*SOURCE MATERIAL*:
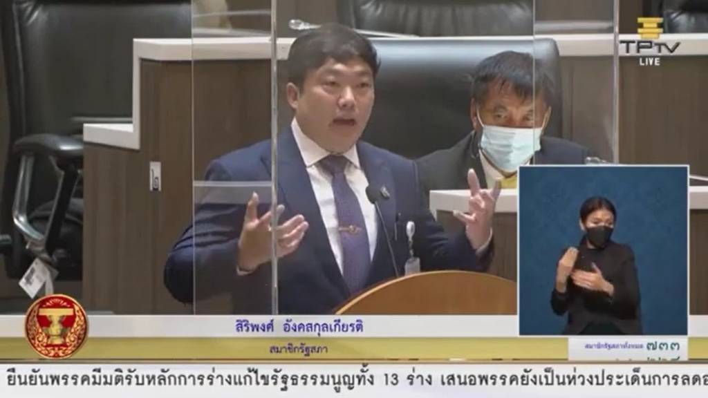 “ เรื่อง UBI นี้เป็นเรื่องใหม่สำหรับสภาแห่งนี้ ภายนอกอาจจะมีกลุ่มผู้คนจำนวนมากที่เขาพูดถึง มีกลุ่มการเมืองบางกลุ่มอย่างเช่นกลุ่มแคร์ ที่เขาพูดถึงเรื่องนี้อยู่ภายนอกสภาแล้ว แต่วันนี้รัฐสภาแห่งนี้ พรรคภูมิใจไทย จะขอเป็นพรรคแรกที่จะปักธงเรื่องนี้ และยืนยันว่า จะสนับสนุนนโยบายลักษณะนี้ในทุกๆ โอกาส วันนี้ขอวอนท่านสมาชิกรัฐสภาทุกท่าน กรุณาให้โอกาสสนับสนุนร่างฉบับที่ 7 นี้ แล้วเรามาถกเถียงกันว่าจะทำอย่างไร จะเดินหน้าอย่างไร อย่าเพิ่งเอาปัญหาที่ยังแก้ไม่ได้มาตัดโอกาส การแก้ไขมาตรา 55 /1 นอกจากจะเป็นการช่วยคนยากจน และเป็นการให้รายได้แก่ผู้ยากจนแล้ว ยังเป็นการทำให้คุณค่าของความเป็นคนของคนเท่ากัน จึงขอความกรุณาจากสมาชิกทุกท่านว่า วันนี้เรามาจุดไม้ขีดก้านแรกด้วยกัน ” นายสิริพงศ์ กล่าวทิ้งท้าย
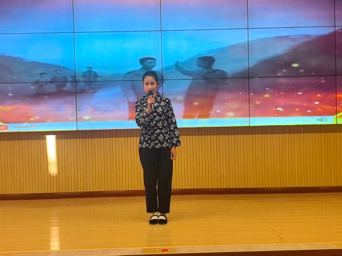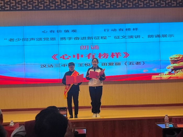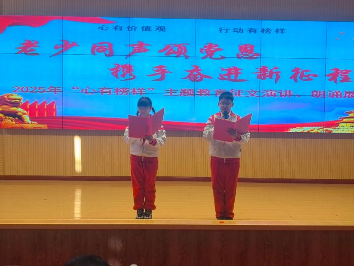 现场展示的征文演讲、朗诵作品,是今年滨海新区北部区域 32 所中小学、幼儿园、特殊教育学校在初赛基础上推荐,再经 3 场复赛选拔出的代表作品。展示现场气氛热烈,高潮迭起。白发苍苍的老党员与朝气蓬勃的青年学子同台,退休教师与少先队员携手,以声传情,以诵抒怀。从“五老”与少年的红色传承,到幼儿园的文明萌动,从启智学校的《星灯领航》,到中学课本剧的历史再现,每段演绎都是一次精神洗礼,不仅展现了青少年对“心有榜样”的理解,更让大家读懂了榜样是旗帜,更是前行力量。今天的精神滋养,化作“从小做起”的行动,以榜样为镜,向榜样学习。
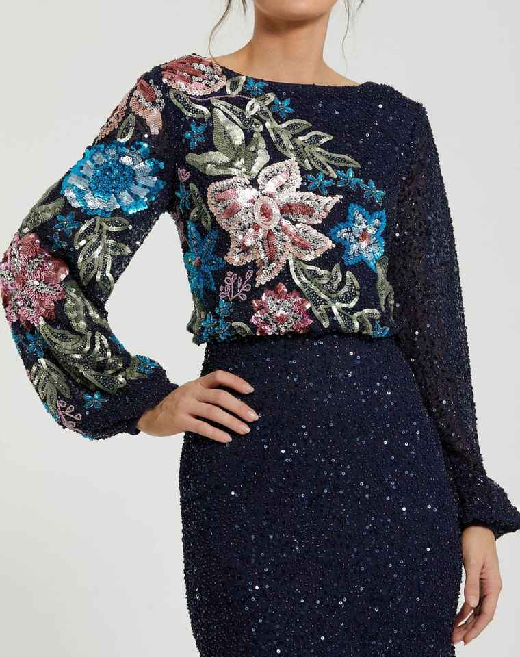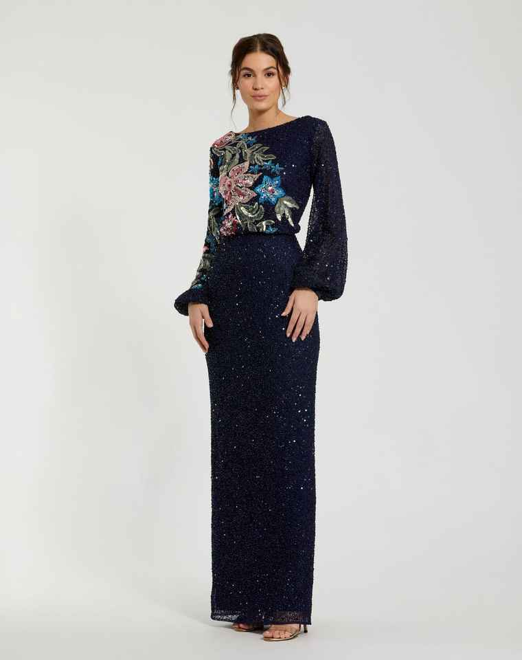 Bustier sexy à manches longues et à sequins lourds, orné à la main, taille naturelle, robe de soirée élégante pour femmes
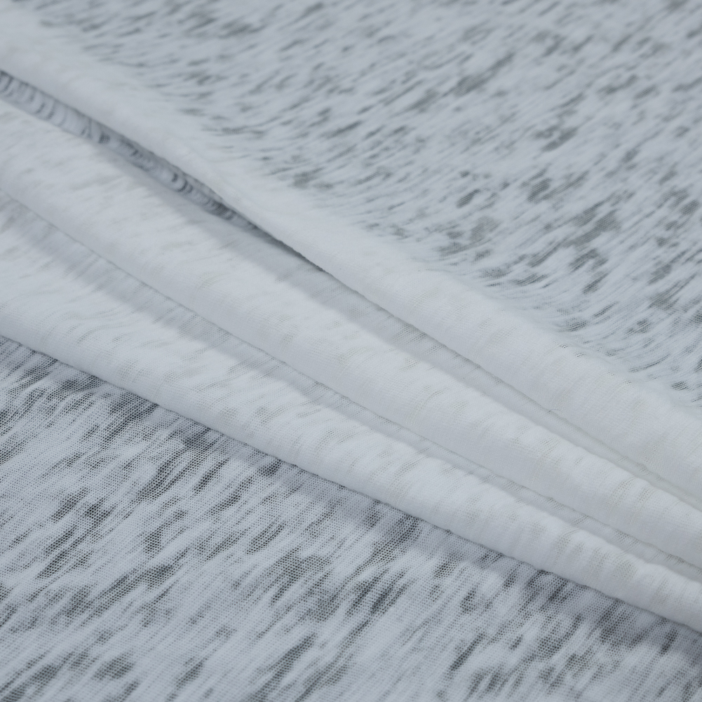 Your basics just got a whole lot cozier! Let this White Cotton and Polyester Burnout Jersey create your next favorite tee, tank or dress! The ultra soft knit features a striated burnout design giving pattern to an otherwise solid white jersey. It has a relaxed drape and 4-way stretch to add to the comfort of your piece as well. Keep it sheer or layer it for more opacity.
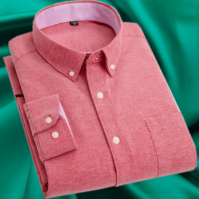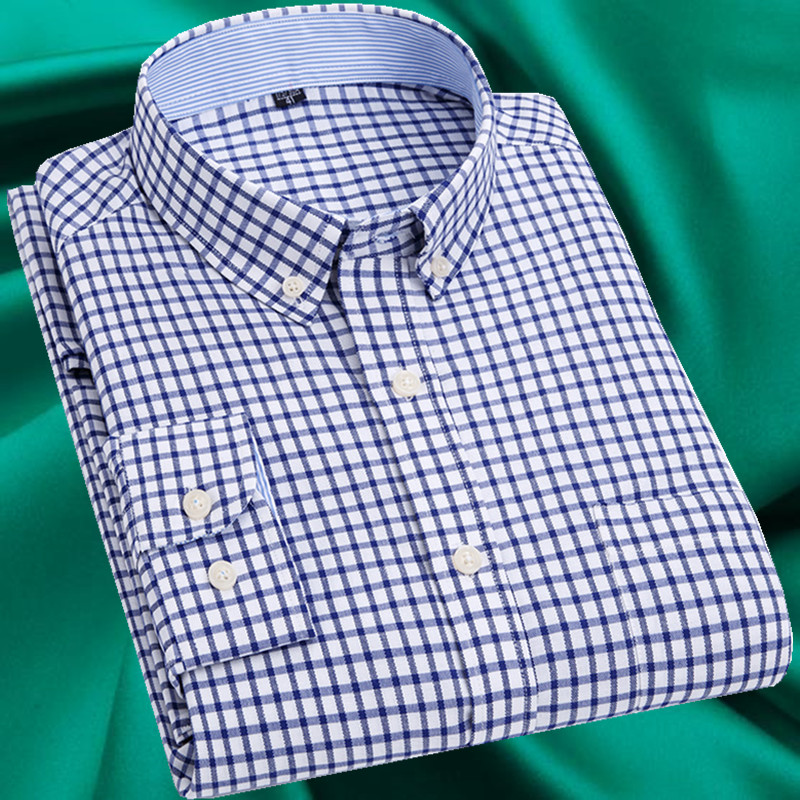 中老年百搭牛津纺衬衫男长袖爸爸装春秋薄款男士寸衫宽松父亲衬衣
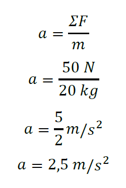 Sebuah benda bermassa 20 kg berada di atas lantai datar yang licin. Apabila gaya sebesar 50 N bekerja pada benda dengan arah mendatar selama 4 sekon. Berapakah besar percepatan yang dialami benda?
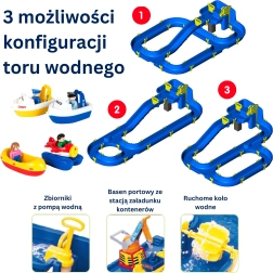 Komplet je preprost za sestavljanje – tesnjenje ne zahteva lepljenja, zato se lahko hitro lotite igre. Trpežen material je odporen na vodo in primeren za uporabo na prostem. Set je združljiv z LEGO DUPLO, zato lahko širite scenarije igre in gradite lastne vodne svetove. Možnost postavitve 3 različnih konfiguracij steze prinaša vedno nove izzive in ideje.
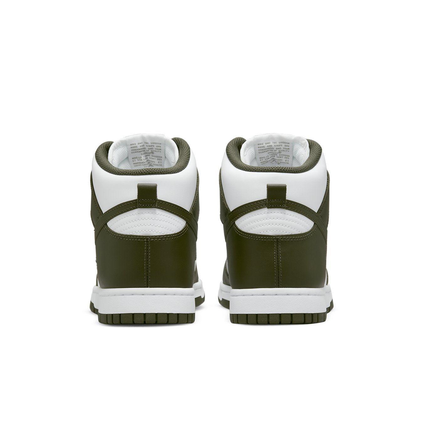 L'edizione 2022 delle Nike Dunk High "Cargo Khaki" presenta una classica colorazione bicolore ispirata alle scarpe da basket degli anni '80, originariamente sviluppate per il parquet universitario. La tomaia alta presenta una morbida pelle, con una base bianca con accenti verde oliva a contrasto. Presenta l'iconico Swoosh, la fodera del colletto in mesh e la sovrapposizione su avampiede e tallone. Un'etichetta Nike in tessuto impreziosisce la linguetta in nylon traspirante, mentre la soletta è impreziosita da uno Swoosh cremisi per un inaspettato tocco di colore.

*YOUR TASK*: Would you output the full listing exactly as it stands, minus the images?

*RESULT OF THIS TASK*:
 “ เรื่อง UBI นี้เป็นเรื่องใหม่สำหรับสภาแห่งนี้ ภายนอกอาจจะมีกลุ่มผู้คนจำนวนมากที่เขาพูดถึง มีกลุ่มการเมืองบางกลุ่มอย่างเช่นกลุ่มแคร์ ที่เขาพูดถึงเรื่องนี้อยู่ภายนอกสภาแล้ว แต่วันนี้รัฐสภาแห่งนี้ พรรคภูมิใจไทย จะขอเป็นพรรคแรกที่จะปักธงเรื่องนี้ และยืนยันว่า จะสนับสนุนนโยบายลักษณะนี้ในทุกๆ โอกาส วันนี้ขอวอนท่านสมาชิกรัฐสภาทุกท่าน กรุณาให้โอกาสสนับสนุนร่างฉบับที่ 7 นี้ แล้วเรามาถกเถียงกันว่าจะทำอย่างไร จะเดินหน้าอย่างไร อย่าเพิ่งเอาปัญหาที่ยังแก้ไม่ได้มาตัดโอกาส การแก้ไขมาตรา 55 /1 นอกจากจะเป็นการช่วยคนยากจน และเป็นการให้รายได้แก่ผู้ยากจนแล้ว ยังเป็นการทำให้คุณค่าของความเป็นคนของคนเท่ากัน จึงขอความกรุณาจากสมาชิกทุกท่านว่า วันนี้เรามาจุดไม้ขีดก้านแรกด้วยกัน ” นายสิริพงศ์ กล่าวทิ้งท้าย
 现场展示的征文演讲、朗诵作品,是今年滨海新区北部区域 32 所中小学、幼儿园、特殊教育学校在初赛基础上推荐,再经 3 场复赛选拔出的代表作品。展示现场气氛热烈,高潮迭起。白发苍苍的老党员与朝气蓬勃的青年学子同台,退休教师与少先队员携手,以声传情,以诵抒怀。从“五老”与少年的红色传承,到幼儿园的文明萌动,从启智学校的《星灯领航》,到中学课本剧的历史再现,每段演绎都是一次精神洗礼,不仅展现了青少年对“心有榜样”的理解,更让大家读懂了榜样是旗帜,更是前行力量。今天的精神滋养,化作“从小做起”的行动,以榜样为镜,向榜样学习。
 Bustier sexy à manches longues et à sequins lourds, orné à la main, taille naturelle, robe de soirée élégante pour femmes
 Your basics just got a whole lot cozier! Let this White Cotton and Polyester Burnout Jersey create your next favorite tee, tank or dress! The ultra soft knit features a striated burnout design giving pattern to an otherwise solid white jersey. It has a relaxed drape and 4-way stretch to add to the comfort of your piece as well. Keep it sheer or layer it for more opacity.
 中老年百搭牛津纺衬衫男长袖爸爸装春秋薄款男士寸衫宽松父亲衬衣
 Sebuah benda bermassa 20 kg berada di atas lantai datar yang licin. Apabila gaya sebesar 50 N bekerja pada benda dengan arah mendatar selama 4 sekon. Berapakah besar percepatan yang dialami benda?
 Komplet je preprost za sestavljanje – tesnjenje ne zahteva lepljenja, zato se lahko hitro lotite igre. Trpežen material je odporen na vodo in primeren za uporabo na prostem. Set je združljiv z LEGO DUPLO, zato lahko širite scenarije igre in gradite lastne vodne svetove. Možnost postavitve 3 različnih konfiguracij steze prinaša vedno nove izzive in ideje.
 L'edizione 2022 delle Nike Dunk High "Cargo Khaki" presenta una classica colorazione bicolore ispirata alle scarpe da basket degli anni '80, originariamente sviluppate per il parquet universitario. La tomaia alta presenta una morbida pelle, con una base bianca con accenti verde oliva a contrasto. Presenta l'iconico Swoosh, la fodera del colletto in mesh e la sovrapposizione su avampiede e tallone. Un'etichetta Nike in tessuto impreziosisce la linguetta in nylon traspirante, mentre la soletta è impreziosita da uno Swoosh cremisi per un inaspettato tocco di colore.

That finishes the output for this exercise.